Emil Laughner had the same dream every night: he would wake to use the bathroom, and while standing over the toilet he would look out into the back yard through the window. But the back yard would not be there. Confused, he would pull up his shorts, still dribbling, and head to the back door. When he opened it, a cold wind would slap him in the face. Balls good and shrivelled, he would walk out onto the porch and see down below, far below, the fields of his property. His house was in the sky, and not just floating. It was rising. It rose higher and higher and he could see the lights of town and then more and more lights but by then he was scared and he would rush inside and stupidly grab the phone to call for help. But of course there was no dial tone, so he would run back to the bedroom and jump into bed and grab the covers and hide under them like a little kid again, crying and praying.

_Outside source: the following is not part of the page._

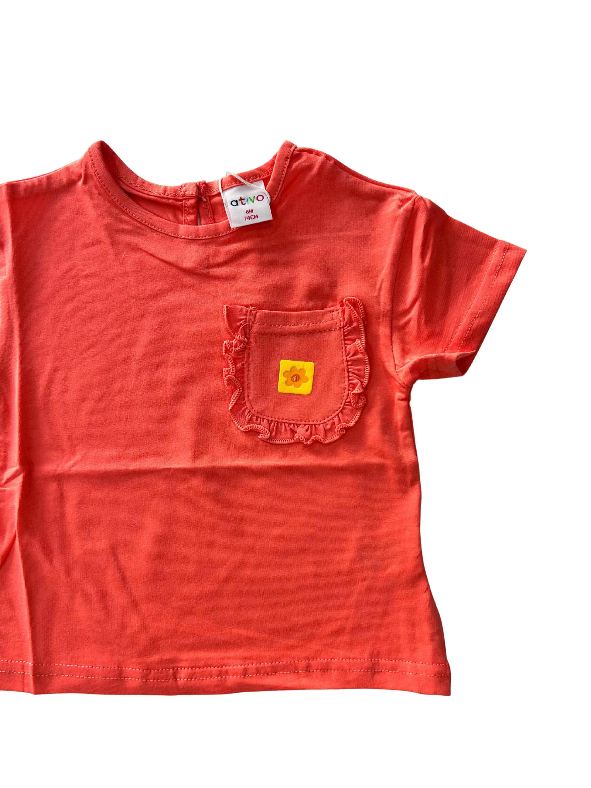 T-shirt Ativo con taschino con rouches, fiorellino centrale e bottoncino sul retro.

And then he would wake up staring at the clock. It said 3:23 every time. With not just a little trepidation, he would go to the bathroom and try and piss while peering through the window. Beyond, in the gloom, he could make out the back yard and the fields beyond. After he finally forced his bladder empty, he would go back to bed and lie there until dawn, wishing he could fall asleep but also dreading it.

One, he told Clayton about the dream. It had taken a lot of nerve to work up to it, and when he did — over their daily coffee and eggs, which Clayton always ate sunny side but Emil switched up now and again between scrambled and over easy — when he told Clayton, Clayton laughed until he coughed up brown phlegm. Emil never mentioned the dream again, to anyone.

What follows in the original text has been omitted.